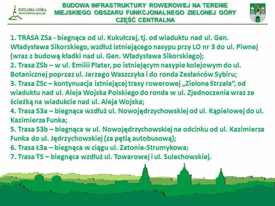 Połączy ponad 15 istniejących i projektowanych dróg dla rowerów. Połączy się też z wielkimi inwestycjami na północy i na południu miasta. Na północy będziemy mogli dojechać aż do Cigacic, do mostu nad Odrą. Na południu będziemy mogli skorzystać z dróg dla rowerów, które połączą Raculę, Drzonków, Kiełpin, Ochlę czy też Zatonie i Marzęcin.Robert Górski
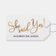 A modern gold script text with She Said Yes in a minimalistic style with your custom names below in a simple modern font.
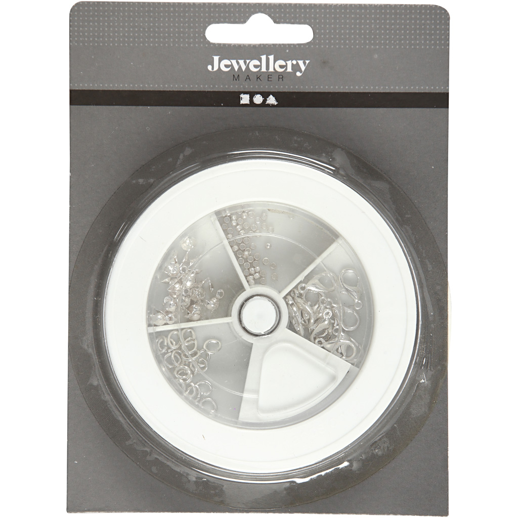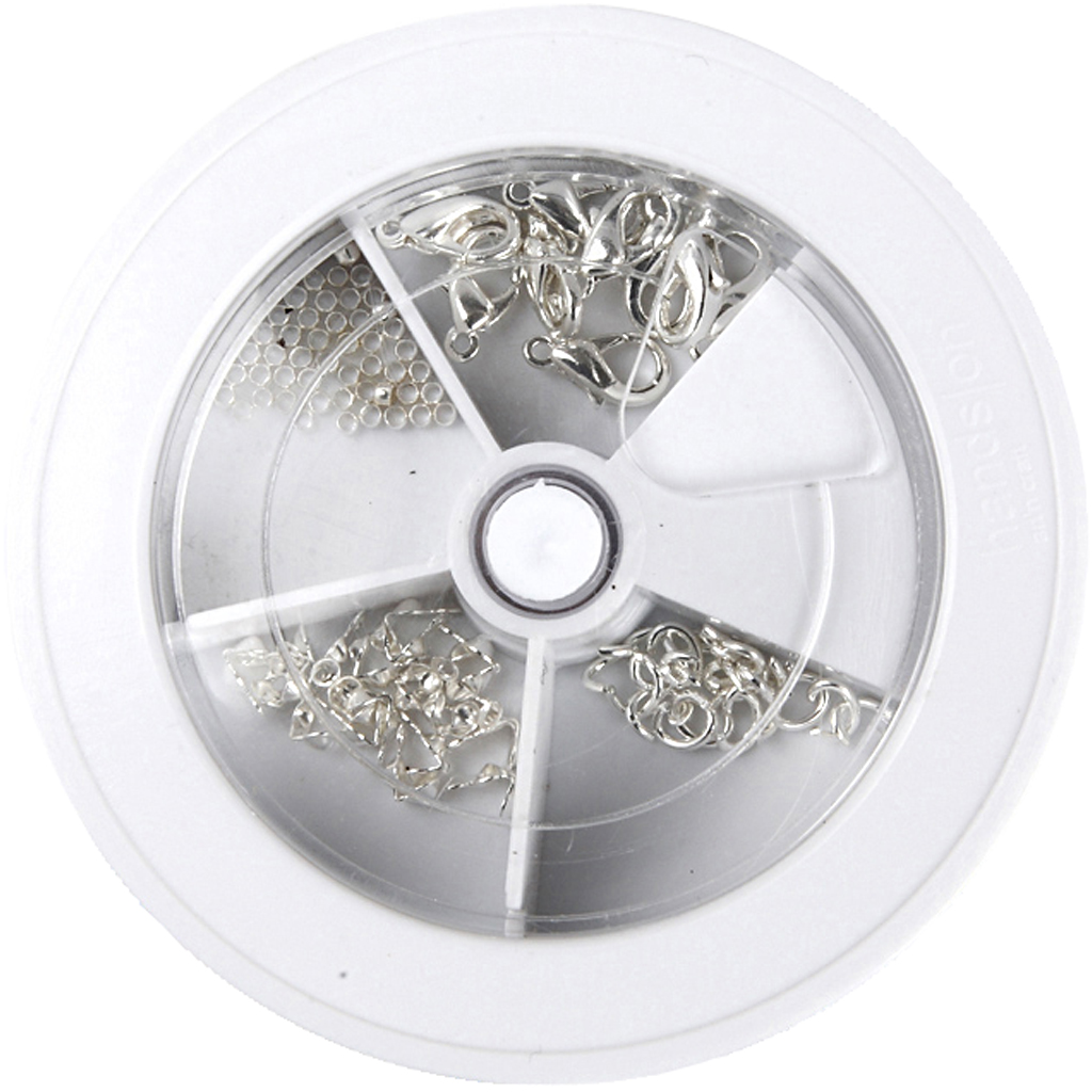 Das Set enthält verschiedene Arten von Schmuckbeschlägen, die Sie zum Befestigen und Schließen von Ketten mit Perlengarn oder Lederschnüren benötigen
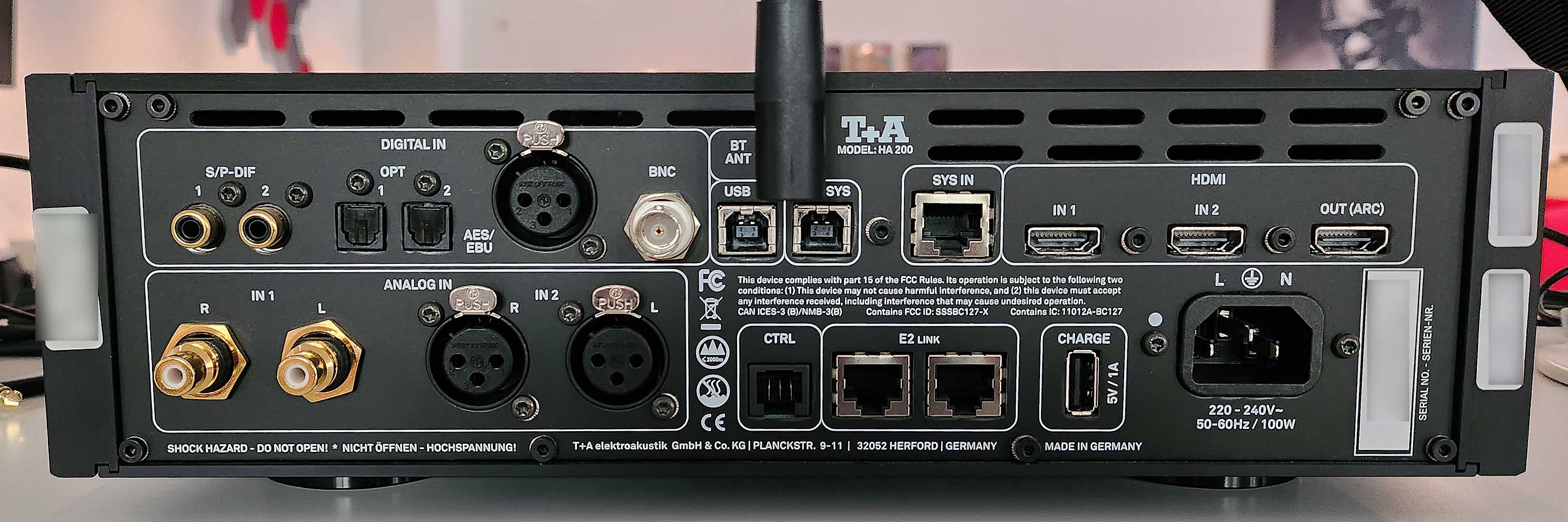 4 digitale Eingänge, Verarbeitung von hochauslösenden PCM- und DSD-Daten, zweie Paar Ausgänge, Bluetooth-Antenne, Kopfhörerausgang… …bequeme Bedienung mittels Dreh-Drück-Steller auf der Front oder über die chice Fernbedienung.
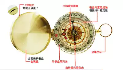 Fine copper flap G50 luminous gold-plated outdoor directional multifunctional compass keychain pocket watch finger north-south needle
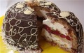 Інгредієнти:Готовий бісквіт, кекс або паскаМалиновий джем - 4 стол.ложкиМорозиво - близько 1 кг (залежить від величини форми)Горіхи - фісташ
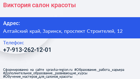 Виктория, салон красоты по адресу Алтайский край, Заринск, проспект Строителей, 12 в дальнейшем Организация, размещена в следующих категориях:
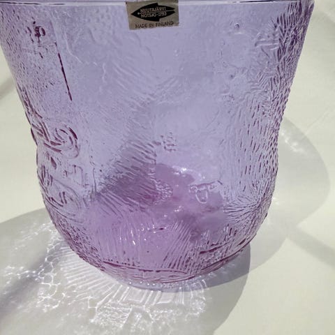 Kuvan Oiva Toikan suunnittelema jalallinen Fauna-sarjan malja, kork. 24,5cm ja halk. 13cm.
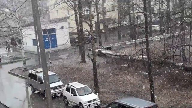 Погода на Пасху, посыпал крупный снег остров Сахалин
--
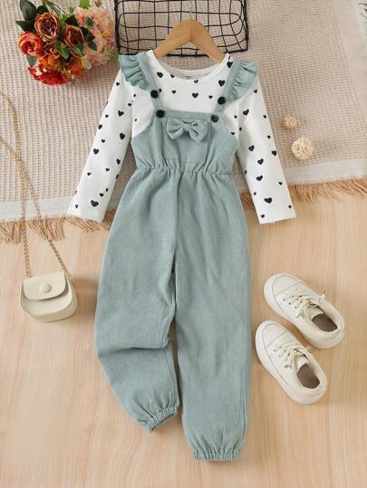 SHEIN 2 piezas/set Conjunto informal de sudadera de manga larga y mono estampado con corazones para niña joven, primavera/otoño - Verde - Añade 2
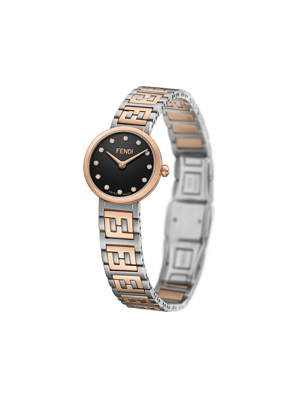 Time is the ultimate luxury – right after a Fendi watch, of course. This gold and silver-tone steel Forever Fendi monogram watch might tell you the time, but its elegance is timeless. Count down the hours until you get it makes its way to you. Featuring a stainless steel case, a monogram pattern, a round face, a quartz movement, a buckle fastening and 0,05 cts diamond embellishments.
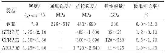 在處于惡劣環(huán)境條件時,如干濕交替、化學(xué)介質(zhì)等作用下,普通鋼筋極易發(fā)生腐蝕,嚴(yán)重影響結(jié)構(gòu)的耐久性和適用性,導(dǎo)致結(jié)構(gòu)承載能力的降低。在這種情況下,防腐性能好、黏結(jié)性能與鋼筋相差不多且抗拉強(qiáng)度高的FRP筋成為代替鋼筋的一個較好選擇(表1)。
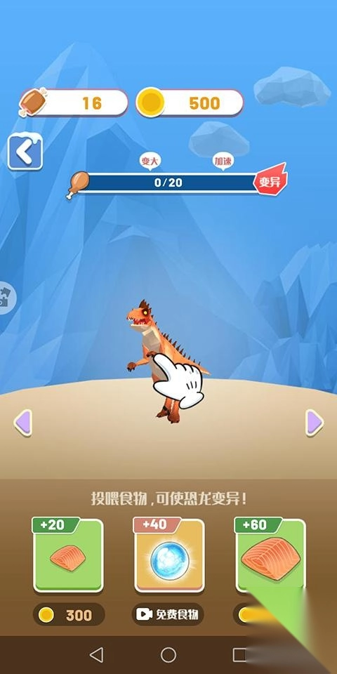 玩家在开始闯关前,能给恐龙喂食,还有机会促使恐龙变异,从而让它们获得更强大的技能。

**What you need to do**:
From the records above, write out exactly the lines that begin at the line with "Fine copper flap" and end at the line with "Погода на Пасху, посыпал". Pictures must not appear in the output.

**Final answer**:
 Fine copper flap G50 luminous gold-plated outdoor directional multifunctional compass keychain pocket watch finger north-south needle
 Інгредієнти:Готовий бісквіт, кекс або паскаМалиновий джем - 4 стол.ложкиМорозиво - близько 1 кг (залежить від величини форми)Горіхи - фісташ
 Виктория, салон красоты по адресу Алтайский край, Заринск, проспект Строителей, 12 в дальнейшем Организация, размещена в следующих категориях:
 Kuvan Oiva Toikan suunnittelema jalallinen Fauna-sarjan malja, kork. 24,5cm ja halk. 13cm.
 Погода на Пасху, посыпал крупный снег остров Сахалин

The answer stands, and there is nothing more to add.